The 2014–15 season was Blackburn Rovers 127th season as a professional football club and its third playing in the Football League Championship since the club's relegation during the 2011–12 Premier League season. Manager Gary Bowyer, in his second full season in charge, led the club to a 9th-place finish in The Championship and to the FA Cup quarter-finals.

Summer activity

On 7 May, Tommy Spurr signed a new contract keeping him at Blackburn Rovers until the summer of 2016.

On 16 May, Leeds United confirmed that Luke Varney had been released. Varney had been on loan at Rovers from 8 February 2014 until 11 May 2014 with a view to a permanent move.

On 19 May, it was confirmed that Liam Feeney, who ended the 2013–14 campaign on loan at Blackburn Rovers following six appearances, would join Bolton when his contract at fellow Championship club Millwall expired in the summer.

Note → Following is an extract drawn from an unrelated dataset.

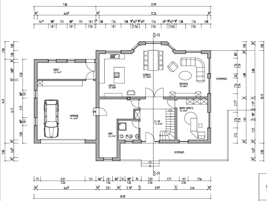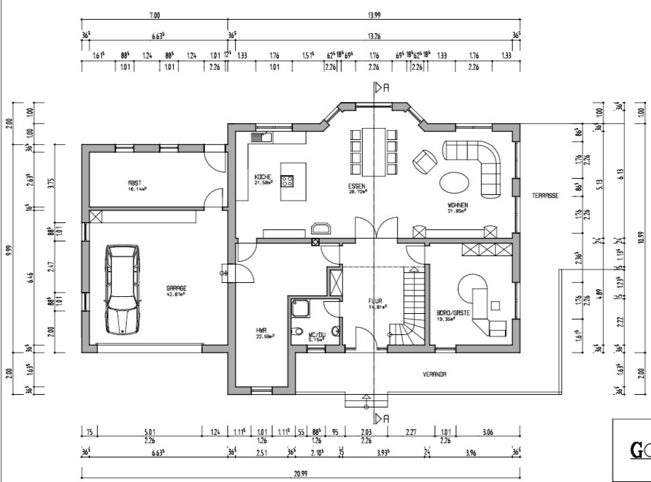 aktuell Hauswirtschaftsraum,Gästebadbereich ist nicht gut integriert, Garderobe zu klein (vllt, weglassen, Ausrichtung Terrasse, Frontseite wegen Verandadach zu nah an Hausdach (Überlegung Gaube in der Frontseite)

On 21 May, it was reported that a £300,000 investment had been made in order to replicate the high standards of Ewood Parks surface last season in preparation for the new campaign. The substantial outlay, sanctioned by the owners, also covered the cost of new machinery and an irrigation upgrade on the sprinkler system at the Academy.

On 24 May, Blackburn Rovers announced that Leon Best, D.J. Campbell, Dickson Etuhu, David Goodwillie, Alex Marrow, and Jordan Slew had been placed on the transfer list.

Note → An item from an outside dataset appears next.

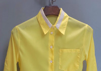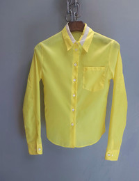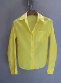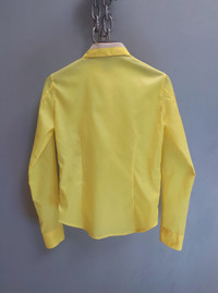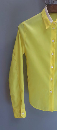 Tag size: 38 Bright Yellow Sheer Shirt with Contrast Collar Please note: has a small pinhole, minor scratches, and light stains (as shown in photos) PLEASE CHECK MEASUREMENTS BEFORE PURCHASING. "TAG SIZE MAY NOT REFLECT TRUE FIT." DISCLAIMER: Product colour may slightly vary due to photographic lighting Will be shipped semi-ironed Dimension Shoulders: 15" Bust/Pit to pit: 17" Waist: 15.5" Sleeve length: 24" Length from nape: 23.5" Hem: 16" Composition 100% nylon Ask all you want before buying Accept payments through PAYPAL/STRIPE Courier: DHL Express Location: Manila, Philippines

On 26 May, Blackburn Rovers announced one of the best-value season ticket deals in the country for the forthcoming campaign, along with the return of the Premier League Pledge. So, should Rovers achieve promotion in May 2015, then season ticket holders will be able to purchase a 2015–16 season ticket in the top flight for just 25% of the Championship price.

On 27 May, Gary Bowyer stated that he wanted to sign Manchester United defender Michael Keane on a permanent basis after a successful loan spell with Rovers.

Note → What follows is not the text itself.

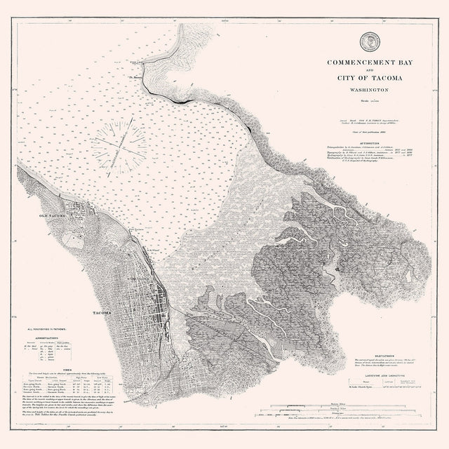 1888 Nautical Chart of Commencement Bay and City of Tacoma Washington

On 2 June, following a successful loan spell and 22 appearances for Brentford in the 2013–14 season, Alan Judge returned to Griffin Park permanently, putting pen-to-paper on a three-year contract for an undisclosed fee.

On 20 June, David Goodwillie departed the club by mutual agreement.

On 23 June, Rovers made their first signing of the summer with the capture of Chris Brown from Doncaster.

On 30 June, midfielder John O'Sullivan announced he had signed a new contract with the club with a one-year extension. The 20-year-old, who spent the second half of last season on loan at Southport, took to Twitter to announce he has penned fresh terms.

On 1 July, following the expiration of his Leeds contract, Varney signed a one-year permanent deal with Blackburn.

On 1 July, Dickson Etuhu and DJ Campbell departed the club by mutual agreement.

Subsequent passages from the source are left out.